▶ **COLLECTED DATA**
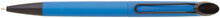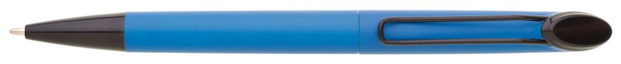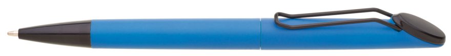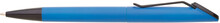 Plastová otočná propiska ARESTA v neonově modré barvě s černou špičkou a černým kovovým klipem. Na držák klipu je možné umístit epoxy samolepku. Náplň velkoobsahová, modře píšící.
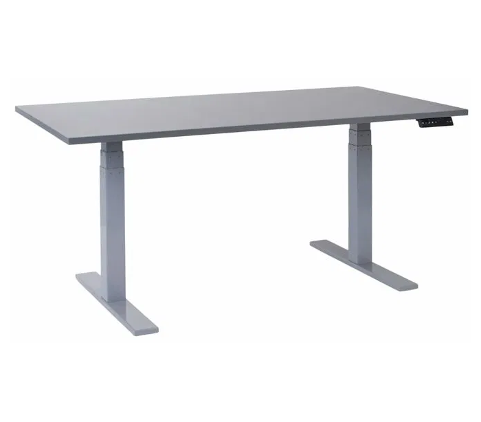 EP 6000 Hæve sænke skrivebord, udført i et design med alulakeret stel og bordplade i antracit laminat. Skrivebordet måler 65 - 130 cm i højden og 180 x 90 cm i bredde og dybde. Bordet justeres via 2-knaps el-betjening med memory funktion.
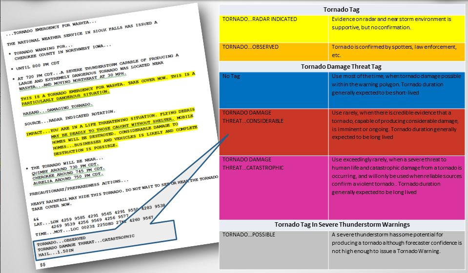 In the wake of the 2011 Joplin, MO, tornado—the deadliest to strike the United States since modern recordkeeping began in the 1950s—the NWS began considering ways to better alert the public to such dangerous weather event risks. The NWS Central Region conducted an experiment with five weather offices in Missouri and Kansas to test whether the incorporation of impact-based warning (IBW) information in tornado warnings helps people make faster decisions. Along with new wording, threat tags were attached to the warnings based on the severity of the situation (see illustration below). In 2013, the experiment was extended to 38 weather offices throughout 12 additional states within the NWS Central Region; this expansion continued in 2015 to include more offices in the Southern, Eastern, and Western Regions.

▶ **INSTRUCTIONS FOR THE TASK**
Please write every line above out exactly as given, except for any pictures.

▶ **WRITTEN ANSWER**
 Plastová otočná propiska ARESTA v neonově modré barvě s černou špičkou a černým kovovým klipem. Na držák klipu je možné umístit epoxy samolepku. Náplň velkoobsahová, modře píšící.
 EP 6000 Hæve sænke skrivebord, udført i et design med alulakeret stel og bordplade i antracit laminat. Skrivebordet måler 65 - 130 cm i højden og 180 x 90 cm i bredde og dybde. Bordet justeres via 2-knaps el-betjening med memory funktion.
 In the wake of the 2011 Joplin, MO, tornado—the deadliest to strike the United States since modern recordkeeping began in the 1950s—the NWS began considering ways to better alert the public to such dangerous weather event risks. The NWS Central Region conducted an experiment with five weather offices in Missouri and Kansas to test whether the incorporation of impact-based warning (IBW) information in tornado warnings helps people make faster decisions. Along with new wording, threat tags were attached to the warnings based on the severity of the situation (see illustration below). In 2013, the experiment was extended to 38 weather offices throughout 12 additional states within the NWS Central Region; this expansion continued in 2015 to include more offices in the Southern, Eastern, and Western Regions.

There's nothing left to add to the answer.